◆ **WHAT IS BEING ASKED**
The output should match, line for line, the records from the line containing "セサミパン 牛乳 コテージパイ(マッシュポテトとひき肉のグラタン)" through the line containing "伯乐头条专讯:近日,中国便衣", with every picture left out.

== Segment start ==

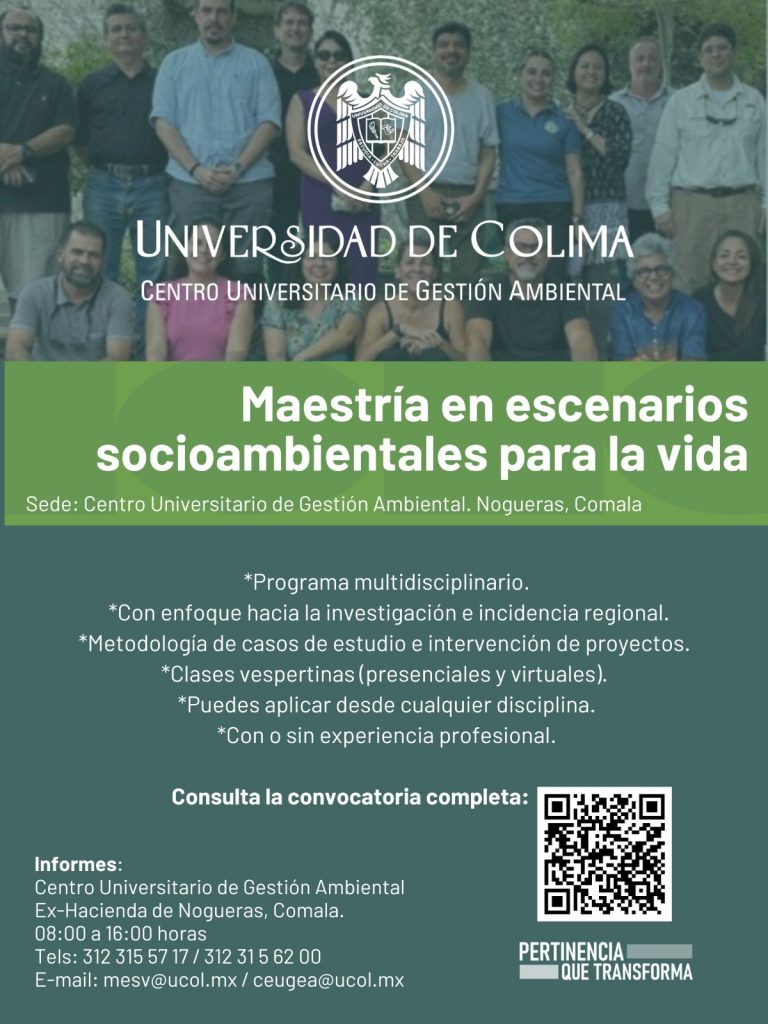 Cabe destacar que este posgrado está adscrito a la Facultad de Arquitectura y Diseño y las clases se impartirán en el CEUGEA, ubicado en Nogueras. Para más información, las personas interesadas pueden escribir a: mesv@ucol.mx.
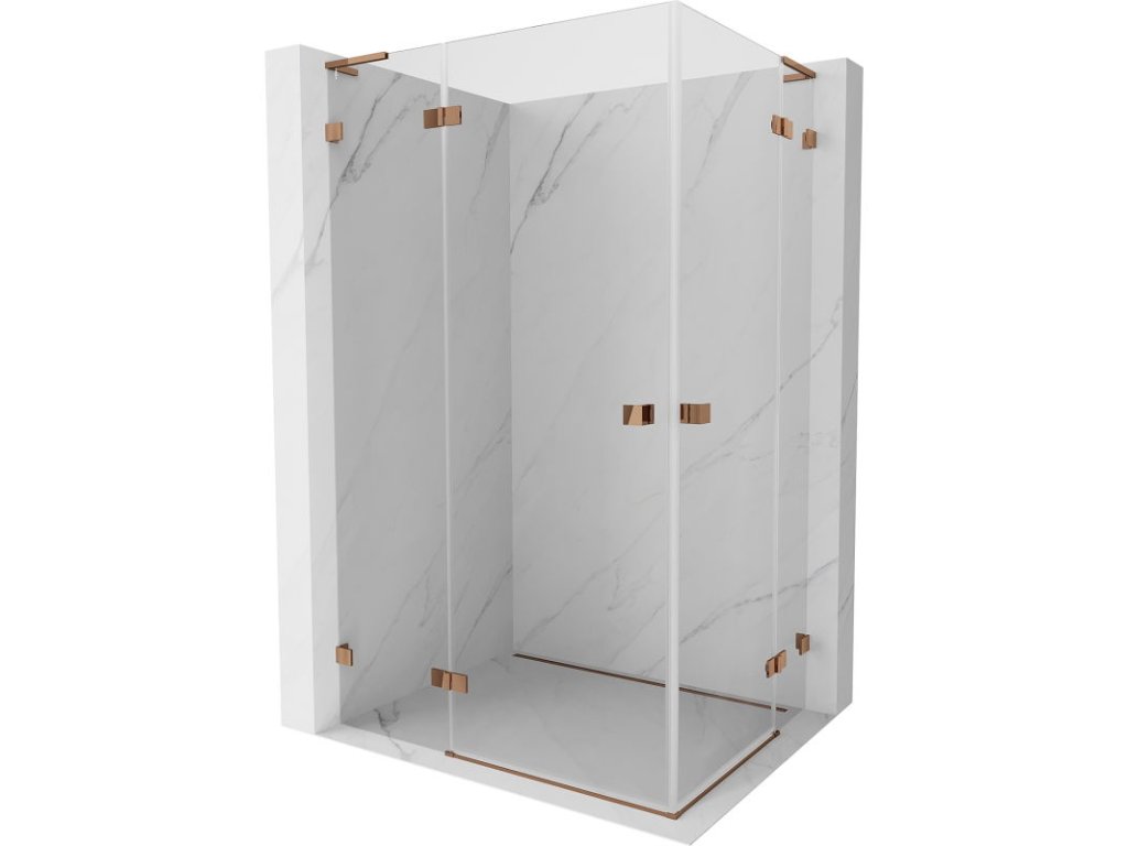 Mexen Lunar L Duo sklápací sprchový kút 90 x 75 cm, transparentný, ružové zlato - 834L-090L-075P-60-00
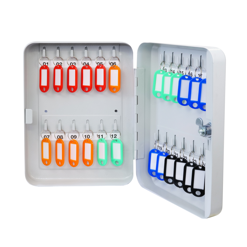 Čelična poštanska kutija za ključeve, uključuje obojane oznake i prstenove za ključeve. Na jednostavan i pregledan način možete organizirati veliku količinu ključeva. Kutiju možete zaključati i tako zaštititi sadržaj - ključeve. Idealno je montirati je na zid ili unutar ormara. Oznake imaju papirnati uložak na kojem možete napisati tekst koji će odrediti na primjer naziv vrata, ormara ili ladice.
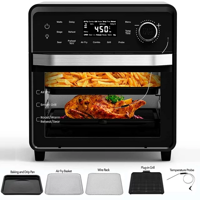 Air Fry & Dehydrate Settings: Air fry French fries and other family favorites; Higher temperatures combined with super convection (maximized air flow) deliver crispy golden air fried foods, dehydrate a wide range of food.
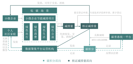 目前碳排放權(quán)交易市場主要針對高耗能、高排放的企業(yè)進行生產(chǎn)端的強制性排放控制,對個人消費端的低碳減排則通過碳普惠機制實現(xiàn)。與控排企業(yè)集中的點源排放不同,個人和小微企業(yè)的碳排放具有“量小、分散、面廣”的特點,為此設(shè)計碳普惠機制針對個人和小微企業(yè)的減排。根據(jù)《廣東省碳普惠交易管理辦法》對碳普惠的定義,碳普惠機制是指運用相關(guān)商業(yè)激勵、政策鼓勵和交易機制,帶動社會廣泛參與碳減排工作,促使控制溫室氣體排放及增加碳匯的行為。該機制的核心是通過將公眾的低碳行為產(chǎn)生的減碳量轉(zhuǎn)化為相應(yīng)的碳積分,利用碳積分換取商業(yè)優(yōu)惠券或兌換服務(wù)等方式促進公眾進一步減排,形成全社會減排的良好氛圍和生活方式,甚至轉(zhuǎn)變政府治理和社會運轉(zhuǎn)模式。
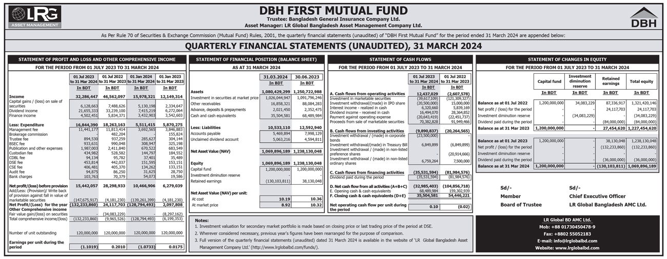 Quarterly Financial Statements (Un-audited) of DBH First Mutual Fund
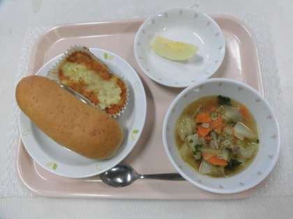 セサミパン 牛乳 コテージパイ(マッシュポテトとひき肉のグラタン) スコッチブロス(大麦とレンズ豆のスープ) くだもの(りんご)
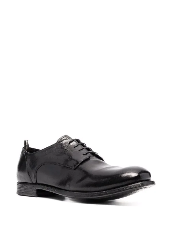 Fermeture à lacer sur le devant, bout rond, semelle plate. Couleur : noir.
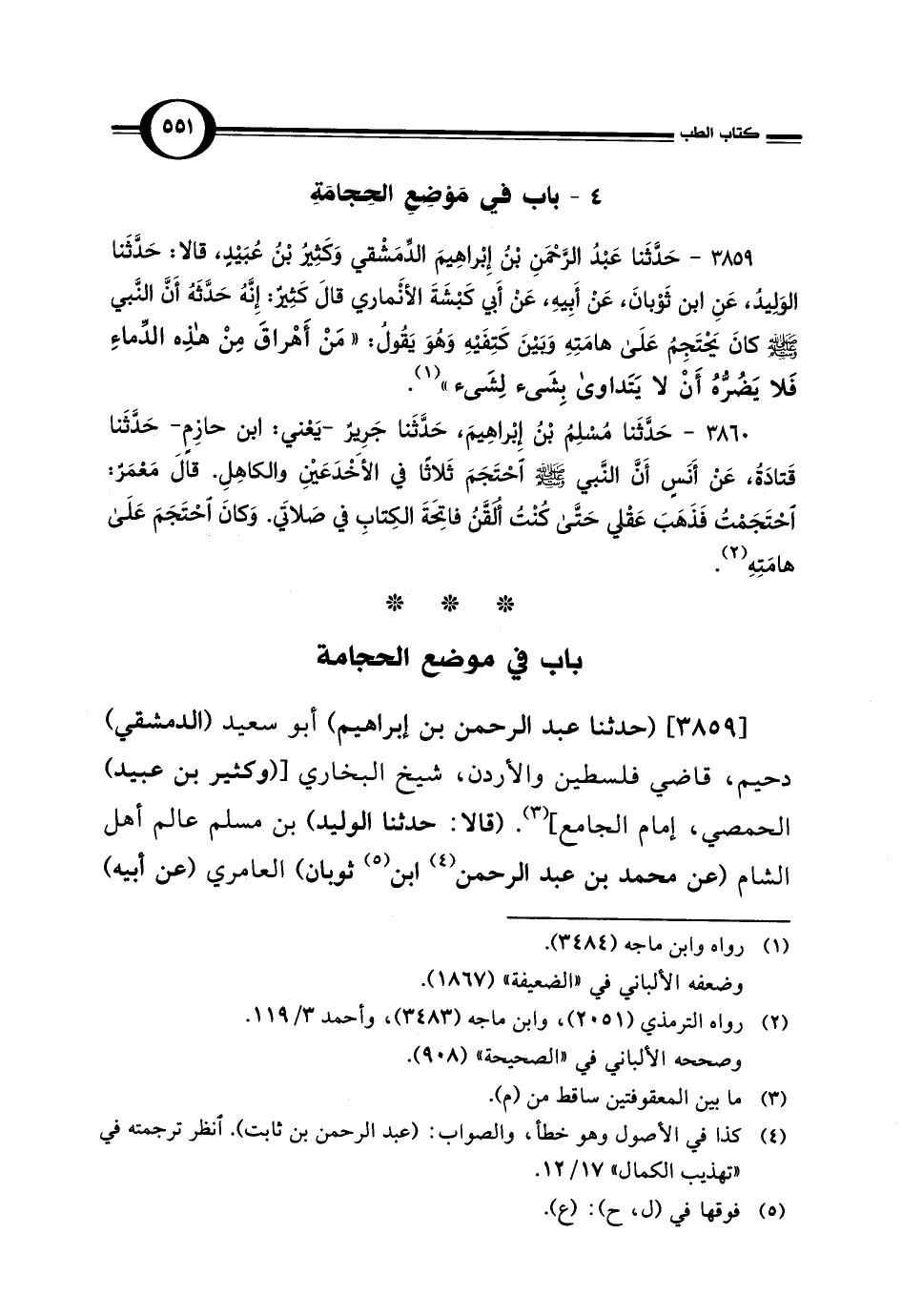 [3859] (حدثنا عبد الرحمن بن إبراهيم) أبو سعيد (الدمشقي) دحيم، قاضي فلسطين والأردن، شيخ البخاري [(وكثير بن عبيد) الحمصي، إمام الجامع] (¬3). (قالا: حدثنا الوليد) بن مسلم عالم أهل الشام (عن محمد بن عبد الرحمن (¬4) ابن (¬5) ثوبان) العامري (عن أبيه)
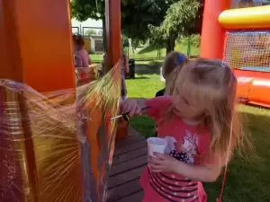 Były tańce, zabawy z Myszką Miki, upominki, lody, kolorowe dmuchańce, balony i wielkie bańki mydlane. Dziewczynki z niecierpliwością czekały na kolorowe doczepiane warkoczyki a do malowania twarzy i tatuaży ustawiła się długa kolejka. W tle słychać było największe dziecięce przeboje i nie tylko! Każdy znalazł coś dla siebie i naprawdę dużo się działo!
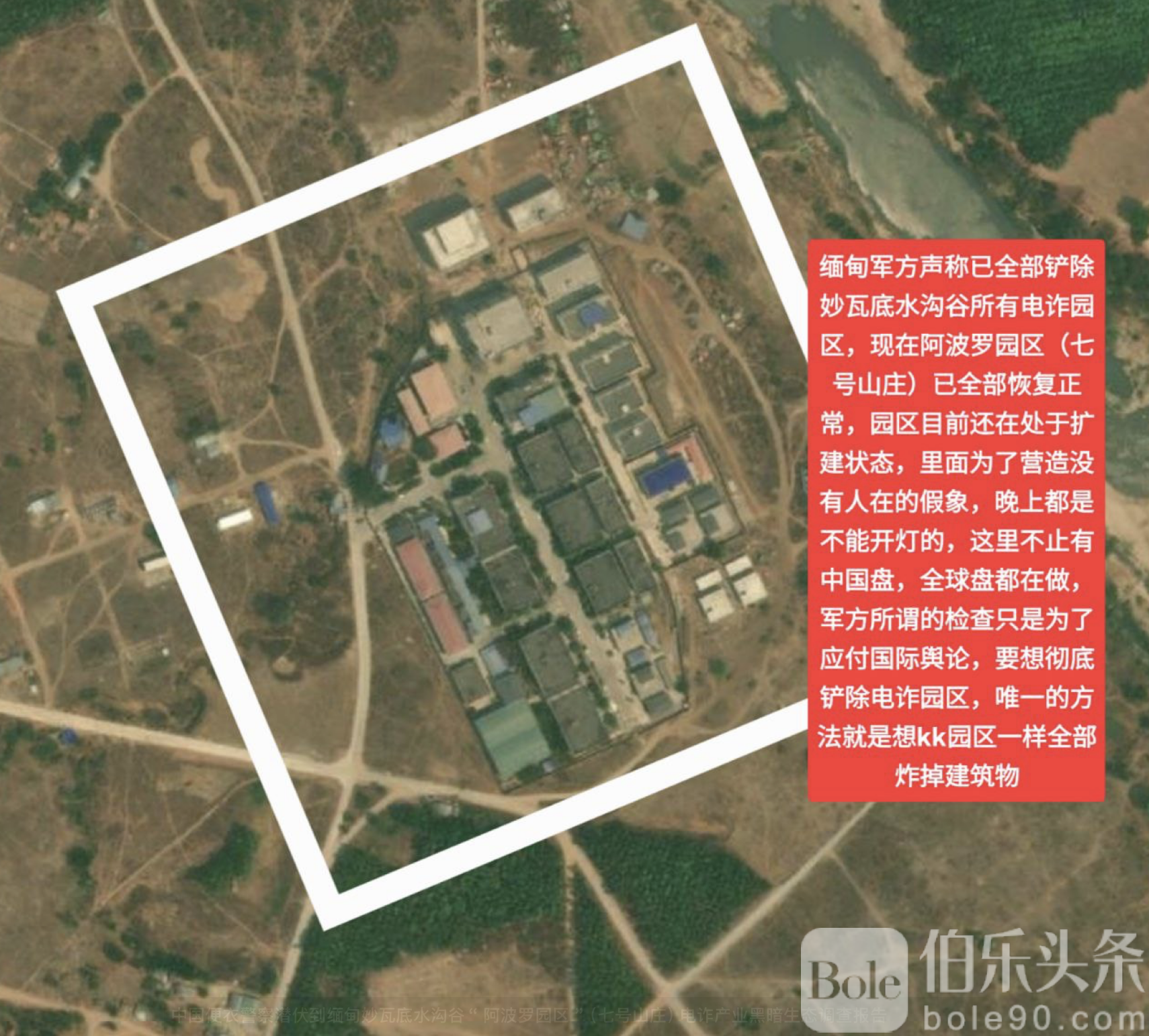 伯乐头条专讯:近日,中国便衣警察深入缅甸妙瓦底水沟谷地区,对“阿波罗园区”(现称“七号山庄”,又名“小KK园区”)进行实地调查,揭露出园区背后的跨国电诈犯罪生态。该园区长期通过“阳光集团”“鑫力集团”“远大集团”等空壳公司实施电信诈骗,同时存在非法拘禁、暴力虐待、人口贩卖甚至器官交易等犯罪行为,并与当地军方形成利益保护网,使执法检查难以奏效。
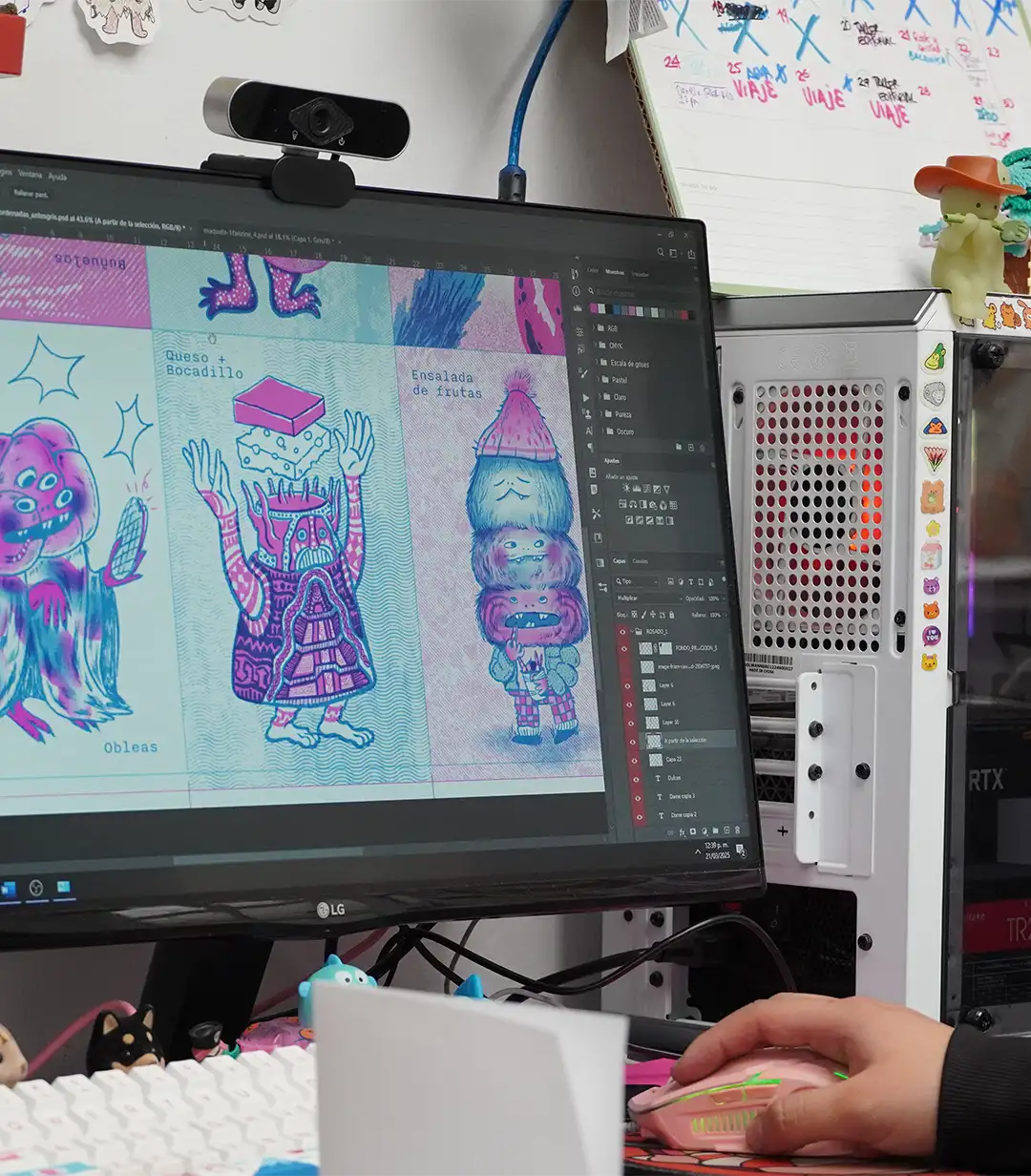 Aprenderás a crear tu primer fanzine tipo “ruana”, un pequeño libro con portada y contraportada que guarda una historia, con la sorpresa de que cuando lo despliegues también podrás tener tu propio cartel. En el proceso conocerás todo lo que ocurre antes de imprimir: desde elegir la temática y digitalizar tus bocetos hasta crear el formato correcto en Illustrator, separar los colores por capas y aplicar modos de mezcla para simular el resultado final. Luego verás cómo preparar el archivo en escala de grises, cómo se intercambian los tambores de color en la máquina Riso, y cómo cada papel reacciona distinto a las tintas dependiendo de su tonalidad. Al final, solo queda cortar, doblar y ensamblar tu publicación. Un fanzine con historia, textura y la magia imperfecta de la risografía.

== Segment end ==

◆ **EXERCISE SOLUTION**
 セサミパン 牛乳 コテージパイ(マッシュポテトとひき肉のグラタン) スコッチブロス(大麦とレンズ豆のスープ) くだもの(りんご)
 Fermeture à lacer sur le devant, bout rond, semelle plate. Couleur : noir.
 [3859] (حدثنا عبد الرحمن بن إبراهيم) أبو سعيد (الدمشقي) دحيم، قاضي فلسطين والأردن، شيخ البخاري [(وكثير بن عبيد) الحمصي، إمام الجامع] (¬3). (قالا: حدثنا الوليد) بن مسلم عالم أهل الشام (عن محمد بن عبد الرحمن (¬4) ابن (¬5) ثوبان) العامري (عن أبيه)
 Były tańce, zabawy z Myszką Miki, upominki, lody, kolorowe dmuchańce, balony i wielkie bańki mydlane. Dziewczynki z niecierpliwością czekały na kolorowe doczepiane warkoczyki a do malowania twarzy i tatuaży ustawiła się długa kolejka. W tle słychać było największe dziecięce przeboje i nie tylko! Każdy znalazł coś dla siebie i naprawdę dużo się działo!
 伯乐头条专讯:近日,中国便衣警察深入缅甸妙瓦底水沟谷地区,对“阿波罗园区”(现称“七号山庄”,又名“小KK园区”)进行实地调查,揭露出园区背后的跨国电诈犯罪生态。该园区长期通过“阳光集团”“鑫力集团”“远大集团”等空壳公司实施电信诈骗,同时存在非法拘禁、暴力虐待、人口贩卖甚至器官交易等犯罪行为,并与当地军方形成利益保护网,使执法检查难以奏效。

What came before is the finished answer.